Thatcherism Revised

Is Thatcher/Reaganism: (a) mutating; (b) still spreading worldwide; (c) being stolen by its opponents; (d) being diluted to suit different cultures?

Pick all of the above.

Evidence of each abounds this week. Consider the following:

* Britain is nearing what continues to look like a change from a neo-Thatcherite Tory government to a neo-Thatcherite New Labor government.

* French President Chirac - criticizing a left he said wants "always more state, always more spending, always more taxes" - made a snap call for new elections a year early in order to gain an extra four years for cutting the size of government.

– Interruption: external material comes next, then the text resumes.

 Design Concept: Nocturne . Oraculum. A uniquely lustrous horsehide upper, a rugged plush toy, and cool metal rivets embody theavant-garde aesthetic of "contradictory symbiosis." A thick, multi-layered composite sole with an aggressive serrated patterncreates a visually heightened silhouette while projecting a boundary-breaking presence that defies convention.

* India's fractured ruling coalition recoalesced and named a new leader, I.K. Gujral, who pledged to get on with economic market reforms. (An unrelated plus: Gujral is genuinely committed to mending India's decades-old rift with Pakistan.)

* Republican inheritors of Reagan's mantle in the US Congress and Reagan-mantle-appropriating President Clinton moved closer to compromises on a balanced budget. Clinton's flexibility worried Democratic liberals. Republican leaders' flexibility worried the GOP far right.

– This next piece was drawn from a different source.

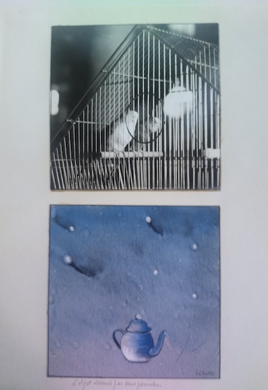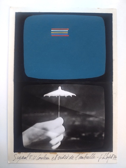 NYST, Jacques-Louis, Sigla TV couleur et under de l’ombrelle, gouache sur photographie, 143,5 x 20 cm. in L’ombrelle en papier et le principe de non-réalité, Yellow Now, 1976.

* South Korea's government continued to moderate its big-capitalist heritage with concessions to labor unions - despite the more than ever available excuse of war danger from North Korea.

* Boris Yeltsin's young market reformers continued their efforts to harness the robber baron capitalists now ruling Russia's big mineral-resource monopolies. Yeltsin himself drew strength by meeting his friend, German Chancellor Kohl, and lobbying for a solid contract between an expanding NATO and Moscow.

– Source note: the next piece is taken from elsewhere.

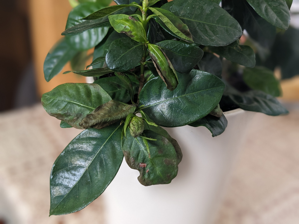 I need some assistance in identifying what the issue is with my indoor gardenia plant, as you will see from the images below. I am currently based in the UK living in the South West region.
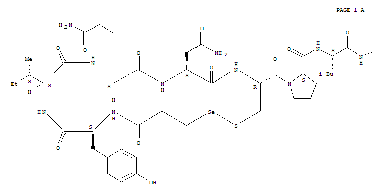 - Synonyms:Oxytocin,1-(3-selenylpropionic acid)- (8CI); 1-Thia-2-selena-6,9,12,15,18-pentaazacycloeicosane,cyclic peptide deriv.; 1-(3-Selenylpropionic acid)oxytocin;Deamino-1-selenooxytocin; Deaminooxytocin 1-seleno analog; Oxytocin, deamino-,1-seleno analog

* Bulgaria overwhelmingly elected a new leader pledged to a market economy.

But enough evidence of spreading, mutating, diluting, and stolen Thatcher/Reaganism. What does it all mean?

As with so many other trends in history, will more spread and more expropriation by erstwhile opponents simply mean dilution to the point of political bland porridge?

The World Bank, showing the hand of its no-nonsense Australian president, Jim Wolfensohn, published a blunt answer April 22 in its biannual World Economic Outlook report. The bank said that the world's economic well-being is dependent on continued reform of labor, trade, and capital markets.

Note the inclusion of labor alongside the habitually mentioned trade and capital flows, which have done so much to increase - and spread - prosperity in the post-world-war and post-cold-war years.

That's why it's of more than passing interest that South Korea continues to adjust its labor-capital balance of influence, even as it confronts the giant question of whether it is nearing reunification or another war with its sibling to the north. That's why it's interesting to watch Israel's battle over casting off its labor/kibbutzim past for a Reaganite, smaller government market economy. (That trend is not aided by having as its salesman shaken Prime Minister Netanyahu.)

The World Bank's call for reforming labor markets may sound abstract. But it refers to one of the biggest global problems: disparities of wages that may become greater as the poorer nations produce hundreds of millions of young workers (or jobless would-be workers). And as the graying, increasingly automated richer nations face labor unrest over the choice of (1) admitting immigrants who may threaten jobholders, or (2) continued farming out of more work abroad.

In the long run, this problem tends to create its own solution as Japan, then the Asian Tigers, China, India, and Latin America gradually raise their standard of living, their pay levels, and their purchases from factories and service providers in the richer world. The World Bank, International Monetary Fund, and regional banks have recently tried to add Africa to this process by forgiving overburdening debts in order to help Africans convert to market economies.

None of the very real concern about child labor and low-wage competition should allow us to overlook the problems still to be ironed out in the richer world. Take one example: President Chirac's call for early elections. It is obviously meant to give him a mandate to cut the welfare state in a nation already troubled by 13 percent unemployment. America and Britain have shown the way for France (and Germany, et al). By making painful cuts in government they have routed investment toward creating millions of jobs in the private sector. Compare a US jobless rate that may drop below 5 percent to that 13 percent French rate. Compare the Asian Tigers' generally continuing boom to North Korea's tragic stagnation and starvation.

That's why New Democrats and New Labor have arisen. The world seems to be searching for something that might be called Thatcher/Reaganism with a more human face.